I'm reading both Hungarian and Serbian words from a text document (which is tab delimited, exported from excel), then I'm writing them on the console. When I write it on the screen, it can't display characters that are outside the English ABC.
For example, instead of körte
I get kĂśrte
, and instead of kruška
I get kruĹĄka
.
I'm using streamreader (and later streamwriter), and I've set the encoding to iso-8859-2
for both of them, as well as for the output.

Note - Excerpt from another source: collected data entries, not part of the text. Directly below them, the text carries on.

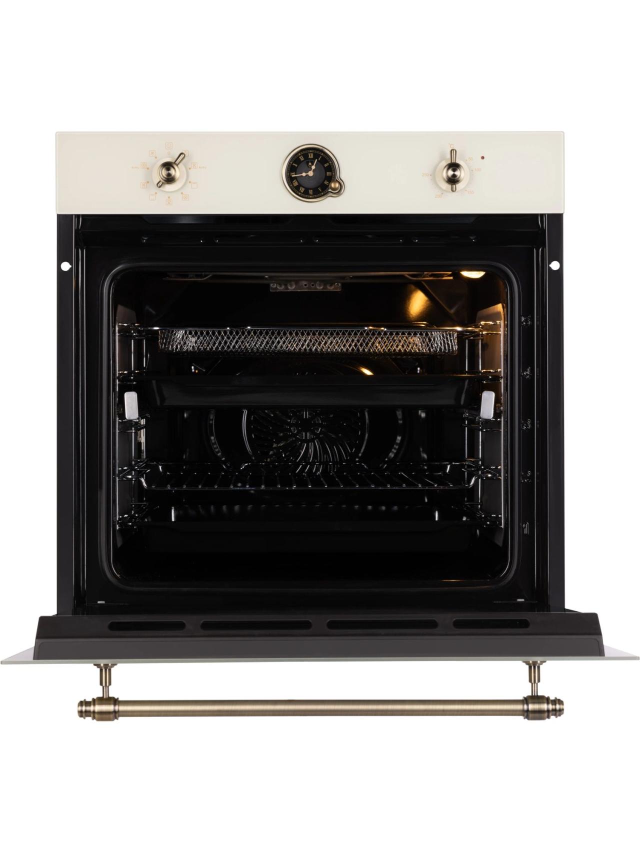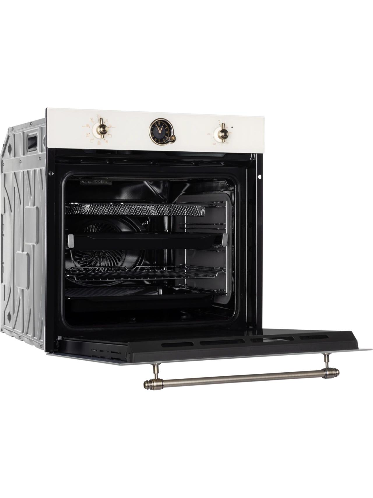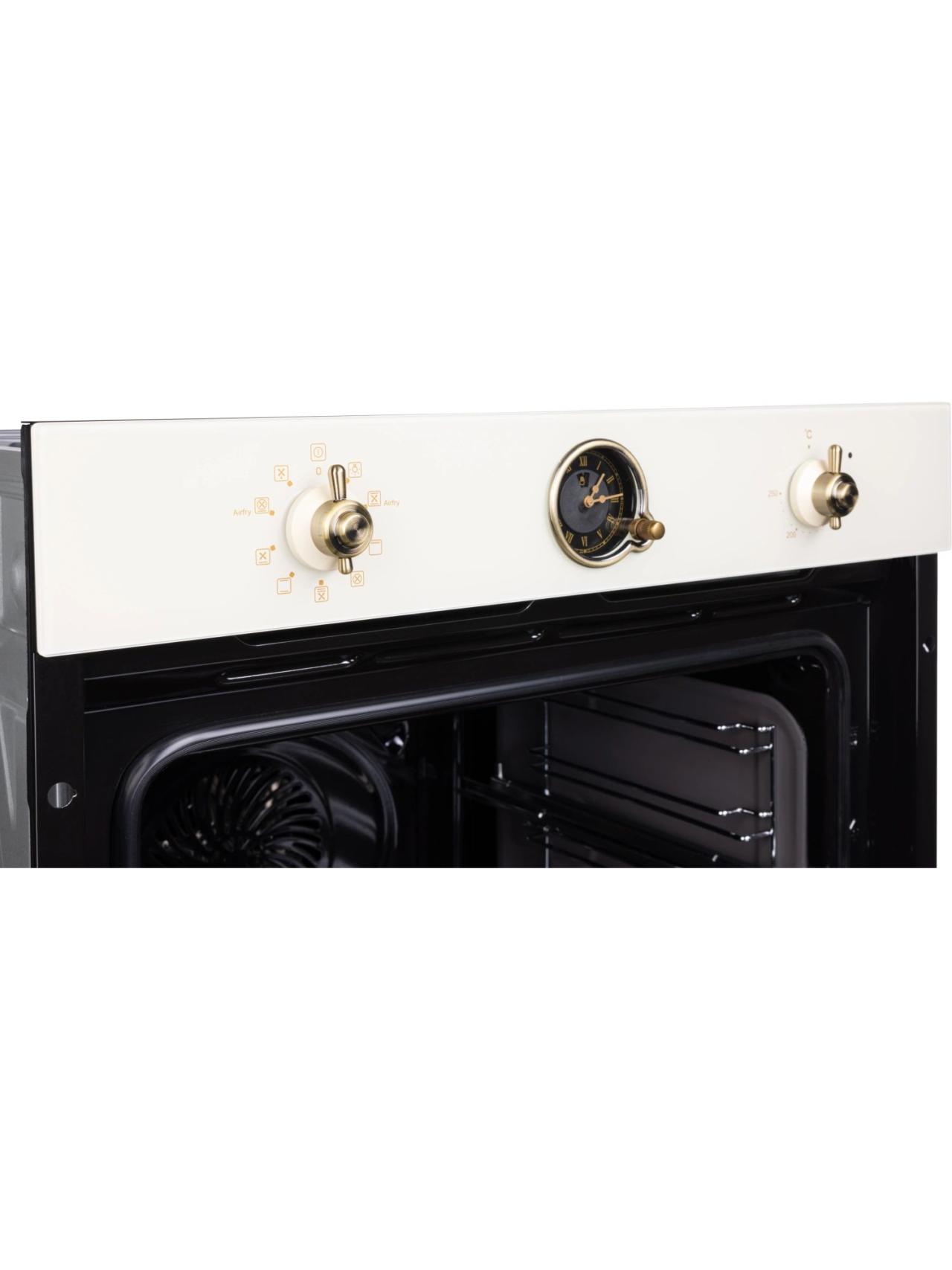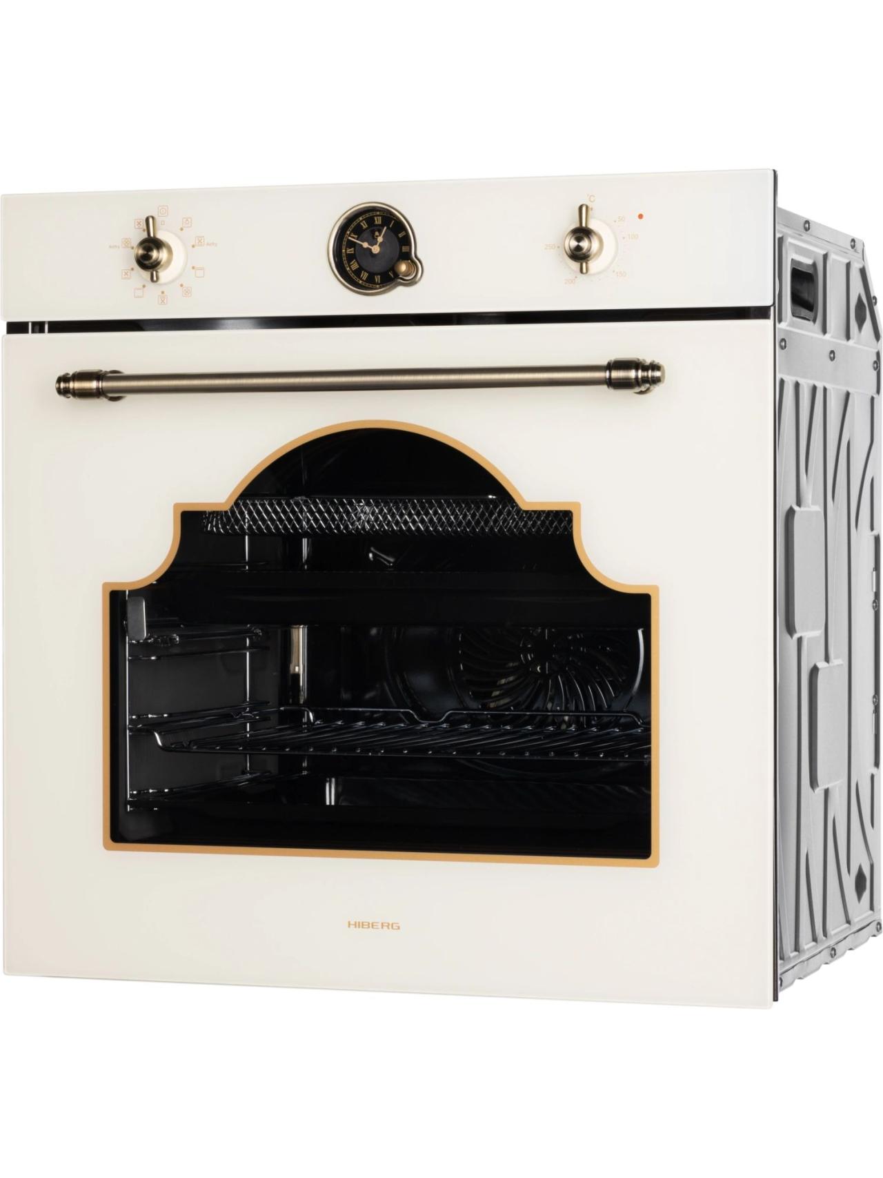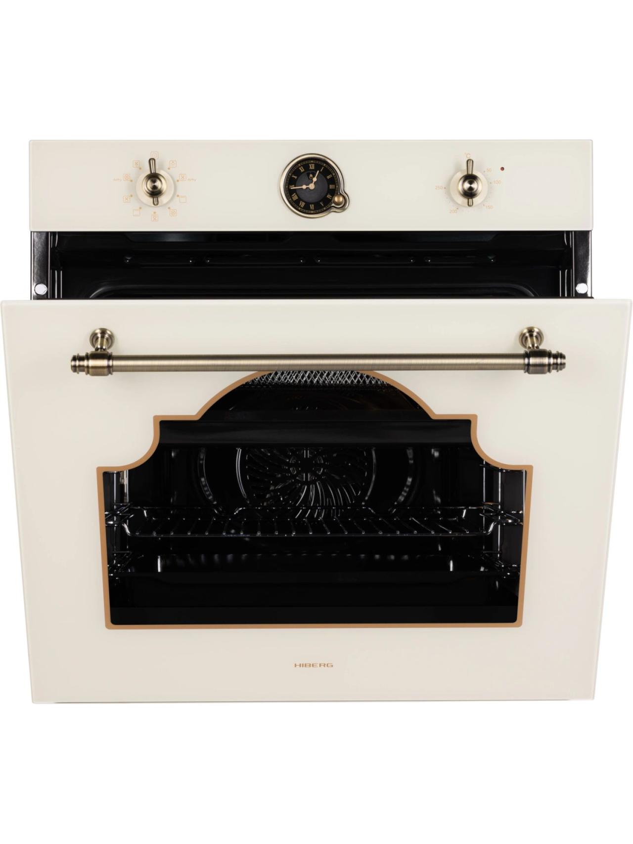 Встраиваемый духовой шкаф HIBERG VM 6392 YR создан для тех, кто ценит стиль и функциональность. Изысканное бежевое исполнение с декоративными поворотными переключателями и ручкой в цвете состаренной латуни гармонично дополняет кухни в стилях классика, винтаж или прованс. Стилизованные аналоговые часы с программатором помогают задать время приготовления и автоматическое отключение.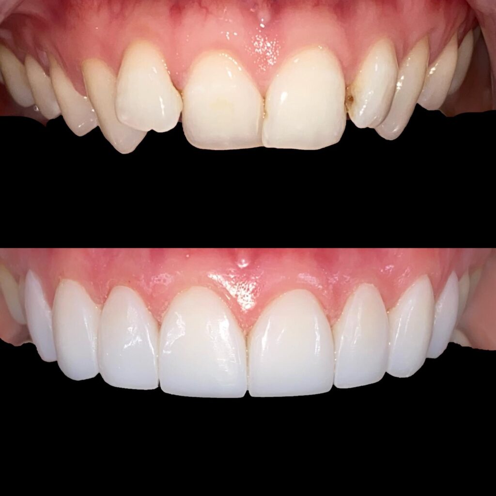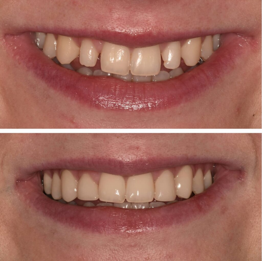A 17-year-old student was unhappy with her smile after braces, noticing “gaps” due to smaller lateral incisors. She wanted a conservative solution that preserved her natural tooth structure.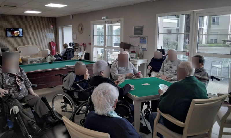 Dans un des salons communs de l’Ehpad, les cartes claquent doucement sur la table. Autour d’un tapis vert, quatre résidents sont concentrés, les yeux pétillants. La partie de belote vient de commencer, et avec elle un rituel qui rythme leurs après-midis.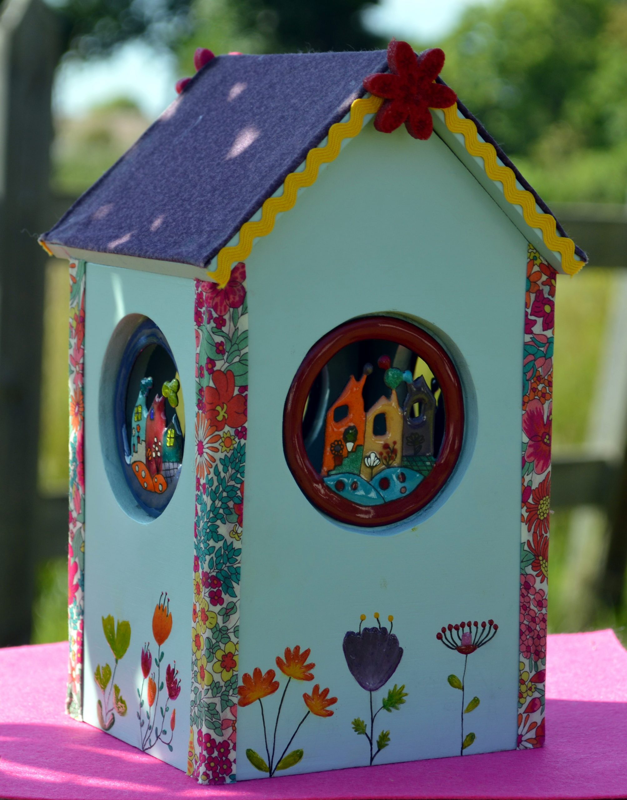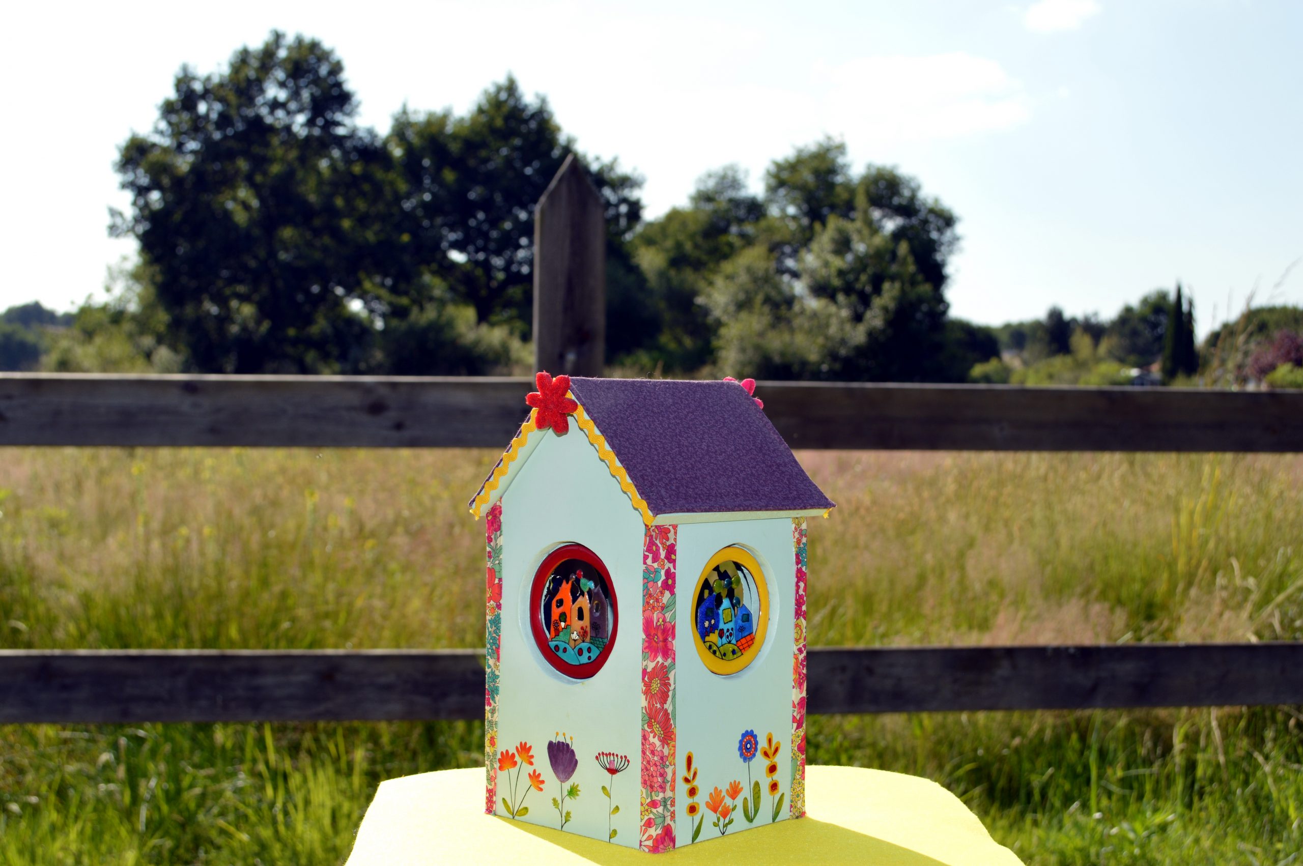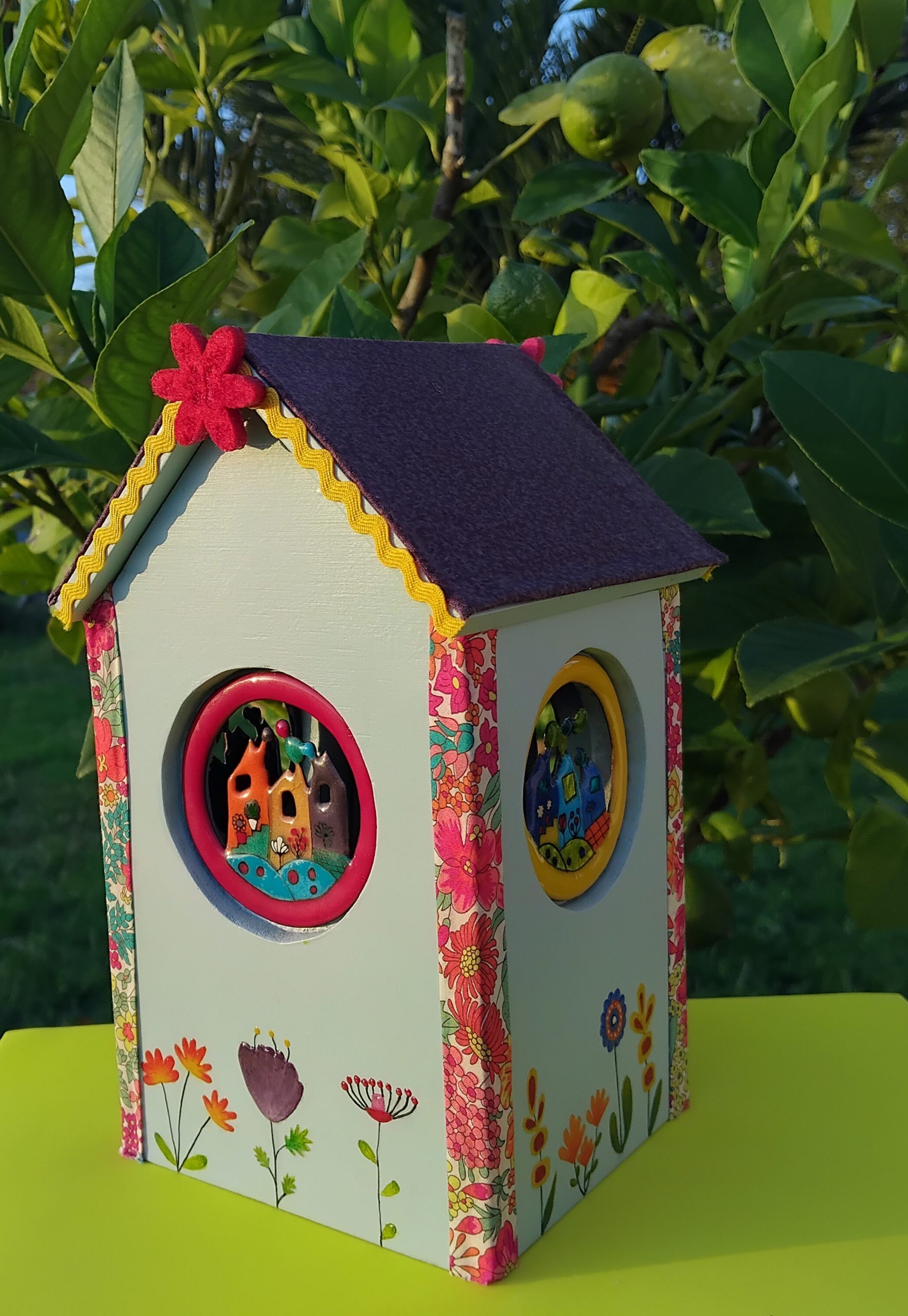 Cette petite maisonnette en bois peint, tissus, avec 4 jolies fenêtres ajourées émaillées plaira aux grands comme aux petits.
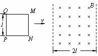 (10分)如图所示,用质量为m、电阻为R的均匀导线做成边长为l的单匝正方形线框MNPQ,线框每一边的电阻都相等。将线框置于光滑绝缘的水平面上。在线框的右侧存在竖直方向的有界匀强磁场,磁场边界间的距离为2l,磁感应强度为B。在垂直MN边的水平拉力作用下,线框以垂直磁场边界的速度v匀速穿过磁场。在运动过程中线框平面水平,且MN边与磁场的边界平行。求:(1)线框MN边刚进入磁场时,线框中感应电流的大小;(2)线框MN边刚进入磁场时,M、N两点间的电压UMN;(3)在线框从MN边刚进入磁场到PQ边刚穿出磁场的过程中,水平拉力对线框所做的功W。w.w.^w.k.s.5*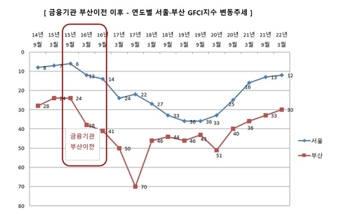 서울시는 "금융기관 지방 이전이 본격화된 2015년을 기점으로 2019년 36위까지 하락했으나 최근 2년간 상승세를 보인다"며 "오세훈 시장 취임 이후 서울을 세계 5대 금융도시로 만들겠다는 목표로 마스터플랜을 수립, 추진하면서 국제금융허브로서의 가능성을 보여줬기 때문"으로 분석했다.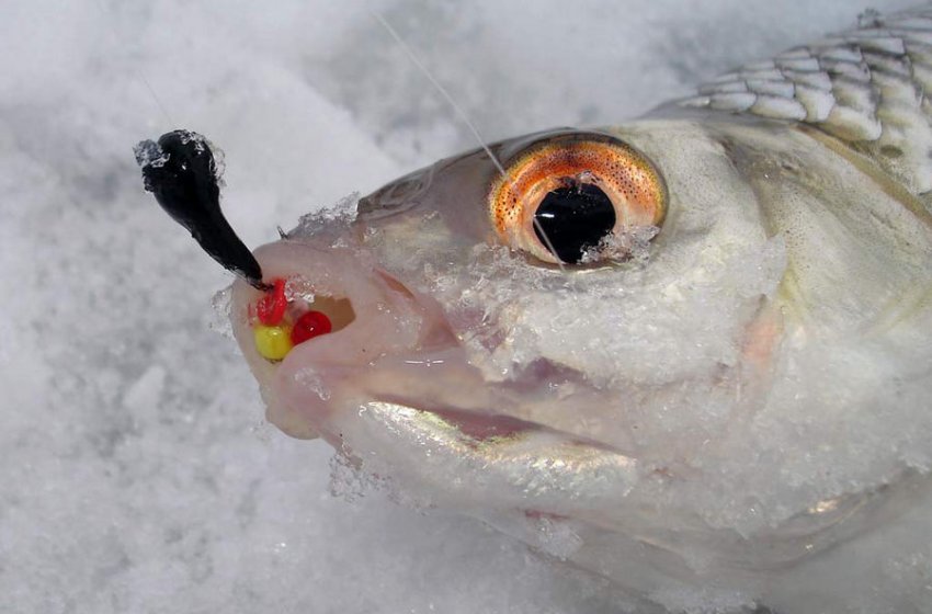 Часто при этом она цепляется за самый краешек губы. Если тянуть трофей к лунке слишком быстро, можно легко вырвать приманку из его рта. Вываживать рыбу надо в меру напористо и при этом мягко.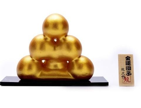 Tượng được tạo hình từ 6 Daruma màu vàng óng ánh, xếp chồng lên nhau theo hình kim tự tháp.

This encoding includes both sets of characters I need.
Console.OutputEncoding = Encoding.GetEncoding("iso-8859-2");
using(StreamReader sr = new StreamReader(fIN, Encoding.GetEncoding("iso-8859-2"))) {
using(StreamWriter sw = new StreamWriter(fDB, Encoding.GetEncoding("iso-8859-2"))) {
I've tried to see whether it had trouble writing it on the console, so I just tried writing all these characters on the screen, and it displays everything with no problem.
Console.WriteLine("á Á é É í Í ó Ó ö Ö ü Ü ű Ű");
Console.WriteLine("č Č ć Ć đ Đ š Š ž Ž");
//outputs properly
I tried to see whether it had trouble storing these characters, so I've put them in a string and tried to display it, with no problems.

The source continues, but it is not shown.